Dataset records:

• • •

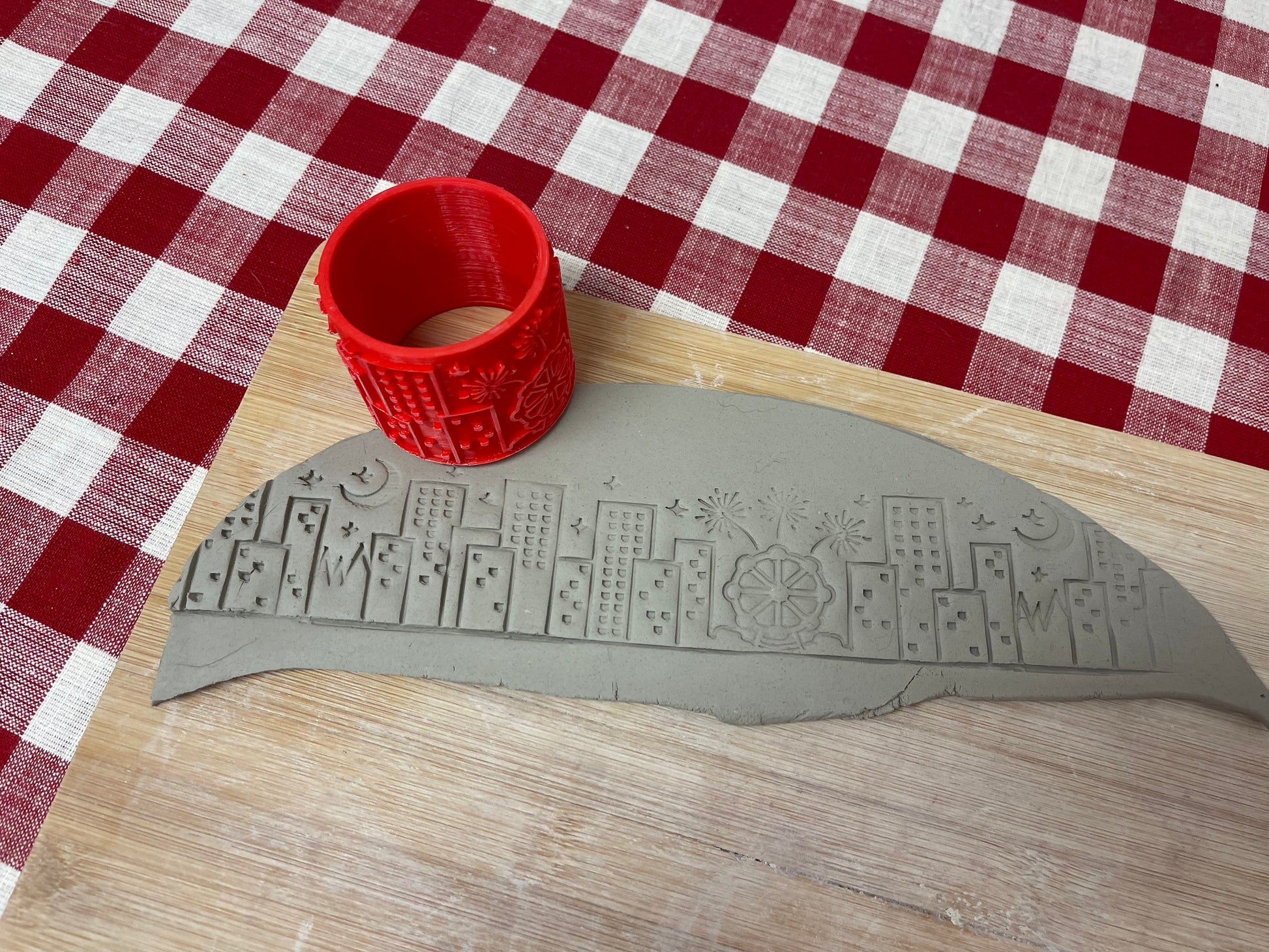 City Scape Texture Roller - from the March 2023 mystery box, repeating pattern, plastic 3D printed
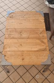 Vendo tavolino self made, ideale per zona giorno. Le gambe sono di alluminio e il piano è ricavato da un pallet. Causa cambio stile arredo metto in vendita questo tavolino fatto da sola con tanto amore che ho sempre usato davanti al divano. I segni che si vedono sul legno sono segni della sua vita precedente da pallet. Insieme al tavolino regalo anche la scatola di champagne che ho usato per contenere gli incensi.
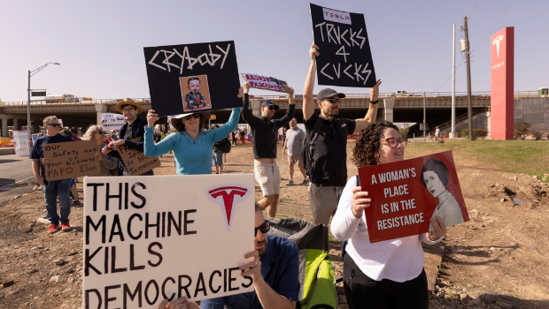 ▲2025年3月15日,美國德州奧斯汀市的特斯拉展間,民眾抗議馬斯克。(路透社)
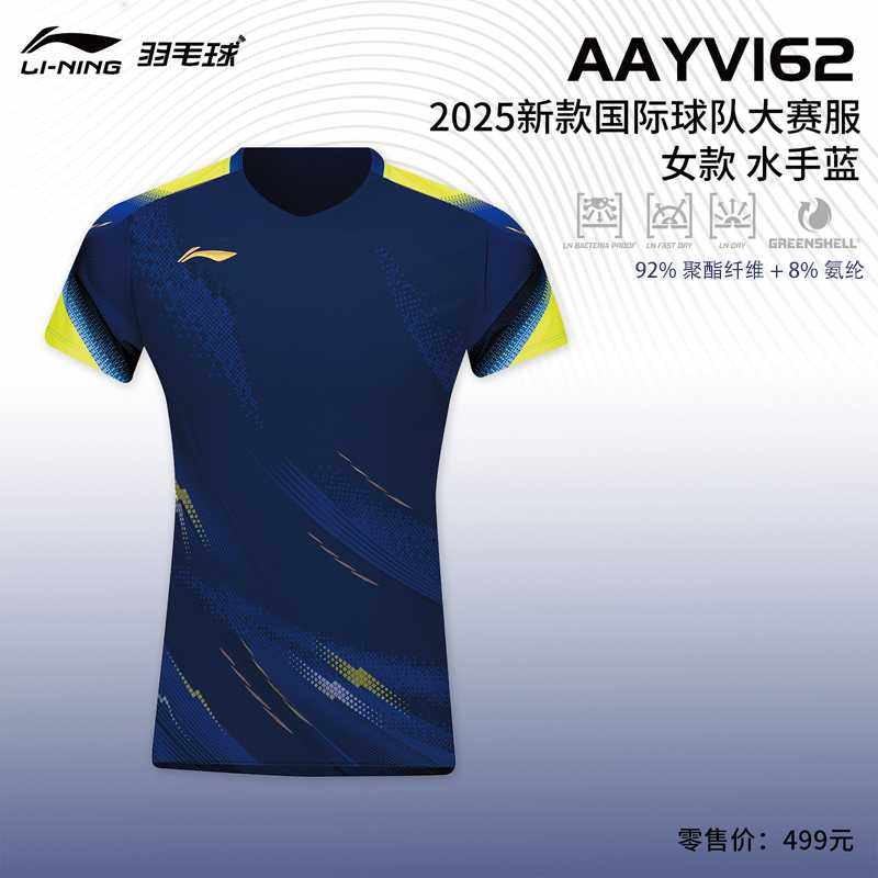 新款李宁羽毛球服国际球队大赛服比赛短袖速干排湿AAYV162/163
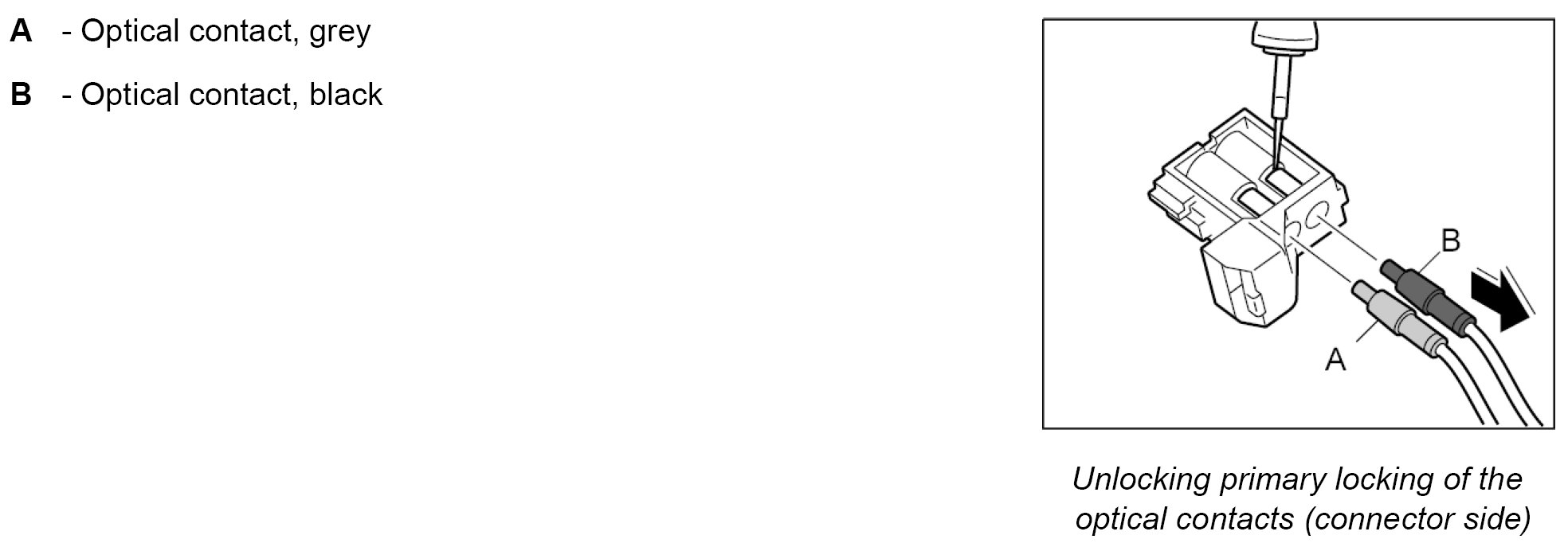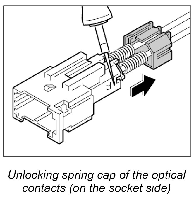 When exchanging the LWL, the optical contacts from the plug connection must be removed.
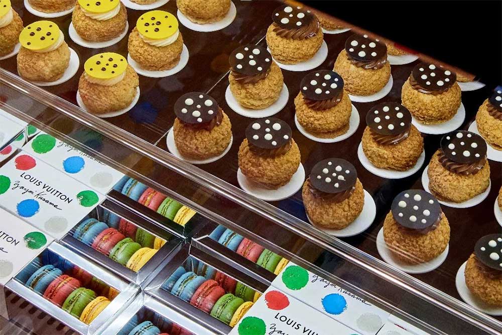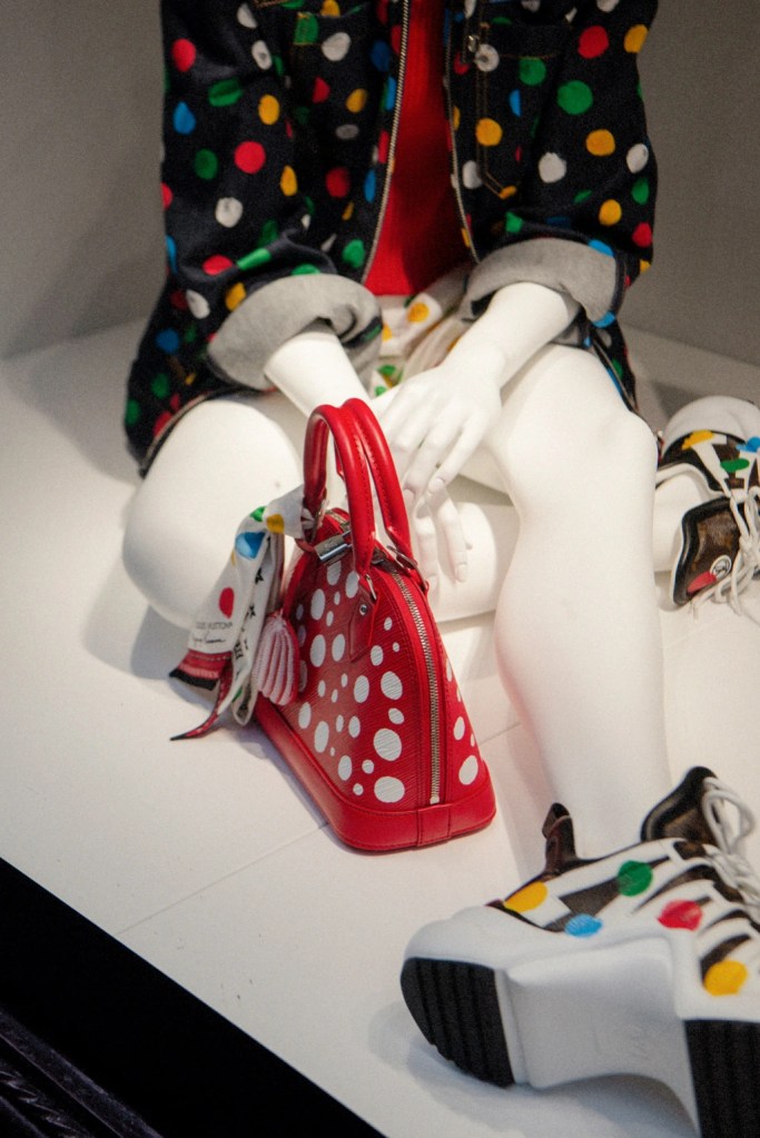In Paris, the Champs-Elysees flagship was hugged by a massive balloon of the artist seemingly customizing the store with her dots. Boutiques have been saturated with all-over dotted wall-paper. Some store-windows from Paris to New York to London feature some truly creepy life-like robots of the artist at work. New York got a yellow pop-up with a giant LV sign made of reflective metal balls, a recurrent motif in Kusama’s Infinity Rooms. Harrod’s got its own dotted infinity room plus some dotted pastries. Less is more, you said?
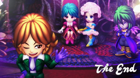 We have not directly addressed Asellus’s “human” ending. If Asellus decides to forsake her Mystic blood entirely (which, incidentally, means Asellus will have the lowest stats possible for defeating an additional optional boss or two), she will earn the “human” finale. In this ending, her eternal friends discuss how she gave up her own immortality for a chance at a mundane life. She did not become a queen, and a series of photographs are shown in reverse chronological order, from a grandma sitting on her couch with two later generations, back to a teenage redhead in front of her home playing with a dog. There is also a snap of Asellus getting married, theoretically explaining the origin of kids and grandkids in other pictures.
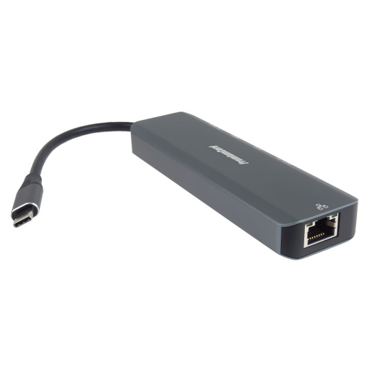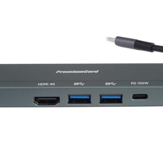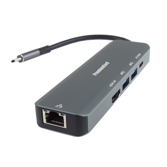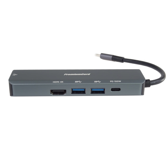 PREMIUMCORD Adaptér USB-C na Gigabit 10/100/1000Mbps + 1x HDMI, 2x USB3.2, 1x PD 100W konektor, Šedá
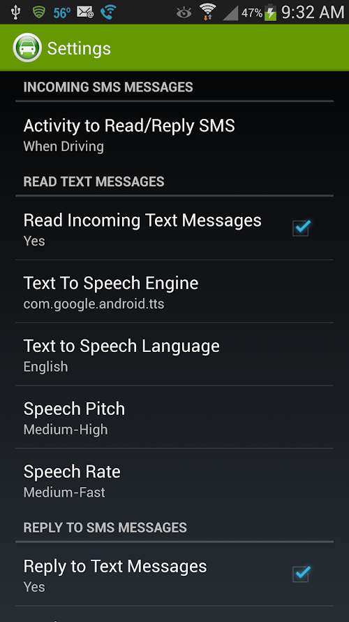 3. Automatically suspend the reading/handling of SMS text messages and auto answering phone calls when you're no longer driving
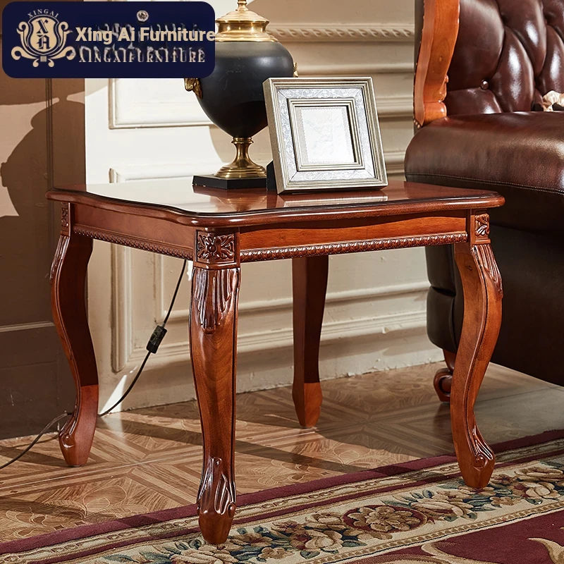 Elegant American-Style Solid Wood Square Side Table - 65cm Small Coffee Table for Living Room, Perfect for Sofas and Corners

• • •

Exercise goal:
Repeat every entry exactly, but leave out the pictures.

Written solution:
 City Scape Texture Roller - from the March 2023 mystery box, repeating pattern, plastic 3D printed
 Vendo tavolino self made, ideale per zona giorno. Le gambe sono di alluminio e il piano è ricavato da un pallet. Causa cambio stile arredo metto in vendita questo tavolino fatto da sola con tanto amore che ho sempre usato davanti al divano. I segni che si vedono sul legno sono segni della sua vita precedente da pallet. Insieme al tavolino regalo anche la scatola di champagne che ho usato per contenere gli incensi.
 ▲2025年3月15日,美國德州奧斯汀市的特斯拉展間,民眾抗議馬斯克。(路透社)
 新款李宁羽毛球服国际球队大赛服比赛短袖速干排湿AAYV162/163
 When exchanging the LWL, the optical contacts from the plug connection must be removed.
In Paris, the Champs-Elysees flagship was hugged by a massive balloon of the artist seemingly customizing the store with her dots. Boutiques have been saturated with all-over dotted wall-paper. Some store-windows from Paris to New York to London feature some truly creepy life-like robots of the artist at work. New York got a yellow pop-up with a giant LV sign made of reflective metal balls, a recurrent motif in Kusama’s Infinity Rooms. Harrod’s got its own dotted infinity room plus some dotted pastries. Less is more, you said?
 We have not directly addressed Asellus’s “human” ending. If Asellus decides to forsake her Mystic blood entirely (which, incidentally, means Asellus will have the lowest stats possible for defeating an additional optional boss or two), she will earn the “human” finale. In this ending, her eternal friends discuss how she gave up her own immortality for a chance at a mundane life. She did not become a queen, and a series of photographs are shown in reverse chronological order, from a grandma sitting on her couch with two later generations, back to a teenage redhead in front of her home playing with a dog. There is also a snap of Asellus getting married, theoretically explaining the origin of kids and grandkids in other pictures.
 PREMIUMCORD Adaptér USB-C na Gigabit 10/100/1000Mbps + 1x HDMI, 2x USB3.2, 1x PD 100W konektor, Šedá
 3. Automatically suspend the reading/handling of SMS text messages and auto answering phone calls when you're no longer driving
 Elegant American-Style Solid Wood Square Side Table - 65cm Small Coffee Table for Living Room, Perfect for Sofas and Corners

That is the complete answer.